4. Keith Lee and Swerve in a tag team feels very WWE. "We have nothing for you as singles guys, so we're just going to stick you in a tag team!" Anyway, the three way at Double or Nothing should be good. I hope Jurassic Express drop the titles to Team Taz there. Tension clearly seems to be forming with Christian and Jungle Boy.

5. Nice segment with BCC/Eddie and co. vs. the JAS. Did something happen to Yuta?

6. Phoenix vs. O'Reilly was good, but the wrong man won. Seriously, why is Tony so enamored with the lower-card UE guys?

7. As much as I liked to see Maki Itoh back...I'd be embarrassed showing that to a friend. *Maki is brimming with charisma, which the women's division desperately needs,* but she needs to find a way to translate it to a prime time American audience. The childish antics heading into the middle finger worked, but the singing and dancing in Japanese and a few other things just doesn't. If she's here for a while, she should talk with people like Regal, Dustin, Jericho, Mox, Danielson, etc. etc. about how she can refine her character.

8. Speaking of the women, the low point of the night was the Deeb promo and Thunder Rosa entrance. At this point, even Toni Storm would be a better champion. This title is just ice cold since Thunder Rosa won it.

9. Didn't really care much for the main event.
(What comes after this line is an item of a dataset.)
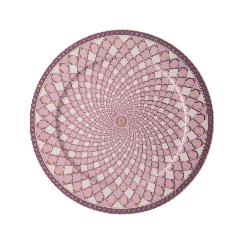 Per una mise en place romantica, questo piatto segnaposto in porcellana rosa Signum Rose di Swarovski x Rosenthal è perfetto.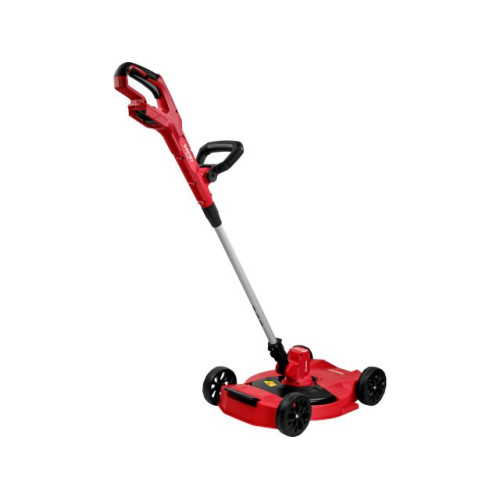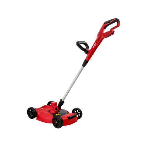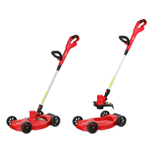 Данная модель поставляется с тележкой, с помощью которой можно легко преобразовать триммер в газонокосилку без использования дополнительных инструментов! Высоту реза можно регулировать от 35 до 55 мм путём переставления колёс на нужный уровень.

Adam Cole is way overexposed.


----------



## CM Buck

Jedah said:


> Good show last night. AEW always does a good job in the lead up to a PPV. What they need to improve on is the meandering middle in the long dead space between the PPVs. *This is why I think adding two more PPV events for the year would do the company a world of good.* They would bring in more revenue AND make the weekly shows more focused.
> 
> Some notes:
> 
> 1. Solid opener. Even as beat up as he is, Joe carries this aura of authenticity no matter what.
> 
> 2. Very good match with Hangman but why, WHY does Tony insist on sticking his world champion in the sagging middle of his shows? This is why the world title feels like a midcard belt. If the world champion is in action, it should be in the main event. Period. Was it really necessary to have Adam fucking Cole in the main event again over the world champ? I just don't understand this mentality.
> 
> 3. *MJF.* What more can I say at this point? This guy is the MVP of wrestling this year. AEW's build of Wardlow has been masterful as well. I'm just not enamored with this match at Double or Nothing because it feels like it's happening far too soon. *Either way, MJF needs to get the title at All Out off of CM Punk, and Wardlow eventually has to beat him.* This is how you can save the world title from mediocrity.
> 
> 4. Keith Lee and Swerve in a tag team feels very WWE. "We have nothing for you as singles guys, so we're just going to stick you in a tag team!" Anyway, the three way at Double or Nothing should be good. I hope Jurassic Express drop the titles to Team Taz there. Tension clearly seems to be forming with Christian and Jungle Boy.
> 
> 5. Nice segment with BCC/Eddie and co. vs. the JAS. Did something happen to Yuta?
> 
> 6. Phoenix vs. O'Reilly was good, but the wrong man won. Seriously, why is Tony so enamored with the lower-card UE guys?
> 
> 7. As much as I liked to see Maki Itoh back...I'd be embarrassed showing that to a friend. *Maki is brimming with charisma, which the women's division desperately needs,* but she needs to find a way to translate it to a prime time American audience. The childish antics heading into the middle finger worked, but the singing and dancing in Japanese and a few other things just doesn't. If she's here for a while, she should talk with people like Regal, Dustin, Jericho, Mox, Danielson, etc. etc. about how she can refine her character.
> 
> 8. Speaking of the women, the low point of the night was the Deeb promo and Thunder Rosa entrance. At this point, even Toni Storm would be a better champion. This title is just ice cold since Thunder Rosa won it.
> 
> 9. Didn't really care much for the main event. Adam Cole is way overexposed.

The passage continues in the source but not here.